╔══

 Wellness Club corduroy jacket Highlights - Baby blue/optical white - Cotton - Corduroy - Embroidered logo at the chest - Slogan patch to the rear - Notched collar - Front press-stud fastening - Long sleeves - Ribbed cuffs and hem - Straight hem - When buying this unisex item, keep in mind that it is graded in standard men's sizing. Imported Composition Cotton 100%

╚══
╔══

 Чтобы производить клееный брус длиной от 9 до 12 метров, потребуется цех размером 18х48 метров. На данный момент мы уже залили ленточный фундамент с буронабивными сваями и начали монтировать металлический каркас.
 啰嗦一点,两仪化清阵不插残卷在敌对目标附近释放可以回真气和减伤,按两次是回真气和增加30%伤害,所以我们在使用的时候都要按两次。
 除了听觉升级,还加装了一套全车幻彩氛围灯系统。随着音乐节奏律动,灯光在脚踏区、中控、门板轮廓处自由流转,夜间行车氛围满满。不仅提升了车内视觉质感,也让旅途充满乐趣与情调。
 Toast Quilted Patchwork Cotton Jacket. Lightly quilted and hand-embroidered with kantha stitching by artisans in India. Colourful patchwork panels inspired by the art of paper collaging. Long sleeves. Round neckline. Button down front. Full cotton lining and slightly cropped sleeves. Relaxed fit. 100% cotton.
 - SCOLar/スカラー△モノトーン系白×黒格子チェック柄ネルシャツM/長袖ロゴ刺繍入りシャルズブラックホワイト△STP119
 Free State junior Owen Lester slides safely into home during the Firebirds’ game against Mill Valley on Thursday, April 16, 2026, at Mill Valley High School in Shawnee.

╚══

Reproduce verbatim only the segment of the listing bounded by the line containing "Чтобы производить клееный" and the line containing "除了听觉升级,还加装了一套全", with both boundary lines included.

Answer:
 Чтобы производить клееный брус длиной от 9 до 12 метров, потребуется цех размером 18х48 метров. На данный момент мы уже залили ленточный фундамент с буронабивными сваями и начали монтировать металлический каркас.
 啰嗦一点,两仪化清阵不插残卷在敌对目标附近释放可以回真气和减伤,按两次是回真气和增加30%伤害,所以我们在使用的时候都要按两次。
 除了听觉升级,还加装了一套全车幻彩氛围灯系统。随着音乐节奏律动,灯光在脚踏区、中控、门板轮廓处自由流转,夜间行车氛围满满。不仅提升了车内视觉质感,也让旅途充满乐趣与情调。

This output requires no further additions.